I tried to do something like that above but a) I didn’t test it very well and b) I didn’t explain it well. I think those use who reach for multiprocessing
on a regular basis [1] are a bit dazzled by the possibilities here and not taking the time to make a argument for general python.
I don’t think the idea needs a keyword–it’s just a parallel version of itertools (a Python equivalent to Rust’s rayon). These functions don’t protect you from shooting yourself in the foot but for lots of common tasks (like “iterate over a million things and do a thing to each one”) it should be a drop-in replacement.

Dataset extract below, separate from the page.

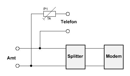die gezeichnete Variante habe ich mal in Frankreich gesehen. Die hatten einen Hochpassfilter in der Leitung zum Modem, aber auch einen Tiefpass in der Leitung zum Telefon. Also quasi einen Splitter in zwei Gehaeusen aufgeteilt. Da variiert es dann auch je nach Intelligenz des Kunden, ob und wo in welcher Leitung jeweils ein Filter eingebaut ist. Kann es sein, dass die Stelle, an der Du den Abzweig des Telefons hingemalt hast in Wirklichkeit die erste TAE-Dose (Uebergabepunkt vom Amt) ist? Wenn ja, dann erklaert sich das Verhalten dadurch, dass die Telefonleitung an dieser Stelle eben NICHT einfach parallel geschaltet ist. Eine richtig angeschlossene TAE-Dose in Verbindung mit einem richtig funktionierenden Telefon sorgt dafuer, dass die nachfolgenden Geraete beim Gespraech mit dem Telefon abgetrennt werden. Viele Billigtelefone machen das allerdings nicht, sondern lassen die nachfolgenden Geraete einfach parallel an der Leitung. Das neue Gigaset macht das jetzt moeglicherweise nicht mehr.

I realized my previous example was partially hamstrung by using a 2-vCPU machine (which is one physical CPU). On an n2d-standard-8
(4 physical CPUs), I can use the parmap
defined in the previous post to parallelize a map operation and get about a 4x speedup vs python 3.11.
Test details
I cloned nogil 3.12 and built it, and installed python 3.11 from conda-forge (I could clone python 3.12 and build that, but this was simpler). In each I just ran an interpreter and defined:
>>> from concurrent.futures import ThreadPoolExecutor
>>> from time import time
>>> def parmap(fn, *args, n=8):
... with ThreadPoolExecutor(n) as exc:
... yield from exc.map(fn, *args)
...
>>> def a(n):
... for i in range(n):
... i += 1
...
>>> m = [1_000_000] * 100
Then I just timed the difference between list(map(a, m))
and list(parmap(a, m))
Results:
command | py311 | nogil | nogil / py311 |
---|---|---|---|
a(1_000_000) |
0.0214 | 0.0231 | 1.08 |
list(map(a, m)) |
2.123 | 2.577 | 1.21 |
list(parmap(a, m)) |
2.191 | 0.545 | 0.249 |
It’s curious that the plain map
is so much slower when the single function call is only 8% slower [2] but I hope this demonstration is somewhat useful for illustrating why nogil
has the potential to be broadly useful.